When using AIC, it’s important to remember that it’s a relative measure. The absolute value of AIC is not as informative as the difference in AIC between models. There is no absolute “good” value of AIC in isolation. A smaller AIC value indicates a better model, but the “best” model is the one with the lowest AIC among the set of models being compared.

If we have two logistic regression models having different AIC values such as $AIC_1$ and $AIC_2$, and if $AIC_1 < AIC_2$, then model with $AIC_1$ is selected. For that matter, this holds good for models trained with any classification algorithm.

When comparing models, the difference in AIC values is important. A general guideline is that a difference of less than 2 might not be significant, while a difference of 2 to 6 suggests a substantial difference, and a difference of more than 10 indicates a strong difference between models.

AIC Formula

At its core, AIC is calculated using the following formula:

AIC = −2×log-likelihood+2×K

Here, the log-likelihood represents the probability of the data given the model, essentially measuring how well the model fits the data. The second term, 2 x K (where K is the number of parameters), penalizes model complexity. The formula ensures that adding more parameters to improve the model fit is only justified if it significantly enhances the likelihood.

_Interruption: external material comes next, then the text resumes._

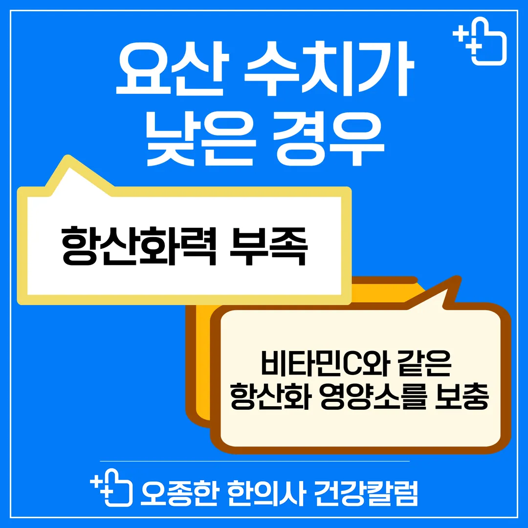 요산은 강력한 항산화제로 작용하기 때문에, 수치가 낮으면 항산화력이 부족하다는 의미입니다.

AIC in Logistic Regression

In logistic regression, where models can become complex rapidly, AIC helps with model selection. It aids in comparing different logistic models applied to the same dataset, helping to make informed decisions about which model to use. AIC is particularly well-suited for logistic regression for several reasons, some of which are unique to the nature of logistic regression as a statistical modeling tool:

  • Likelihood-Based Model: The likelihood, particularly the log-likelihood, is a central concept in logistic regression. It represents the probability of observing the given data under the specified model. AIC relies on the log-likelihood as a key component of its calculation, making it inherently compatible with logistic regression models. AIC thus directly uses a key output of logistic regression models, making it a natural fit for evaluating these models.
  • Model Comparison on Log-Likelihood Basis: Logistic regression models often involve comparing various combinations of predictors to find the most effective model. AIC facilitates this comparison by quantifying model quality in terms of log-likelihood, adjusted for the number of parameters. This allows for a direct comparison of different logistic regression models based on their likelihood estimates, considering both the fit and the complexity of the models.
  • Fit vs. Complexity Balance: AIC helps to balance the fit of the model (how well the model explains the observed data) against its complexity (number of parameters). Logistic regression models, which are built around maximizing the likelihood, benefit from this balance. The AIC ensures that adding more predictors to the logistic model (thus increasing complexity) is only beneficial if it significantly improves the fit.
  • Sensitivity to Overfitting: Logistic regression models can be prone to overfitting, especially with many predictors or complex interactions. Overfitting occurs when a model is too closely tailored to the training data and may not perform well on new data. AIC’s penalty for additional parameters naturally guards against overfitting by discouraging unnecessarily complex models.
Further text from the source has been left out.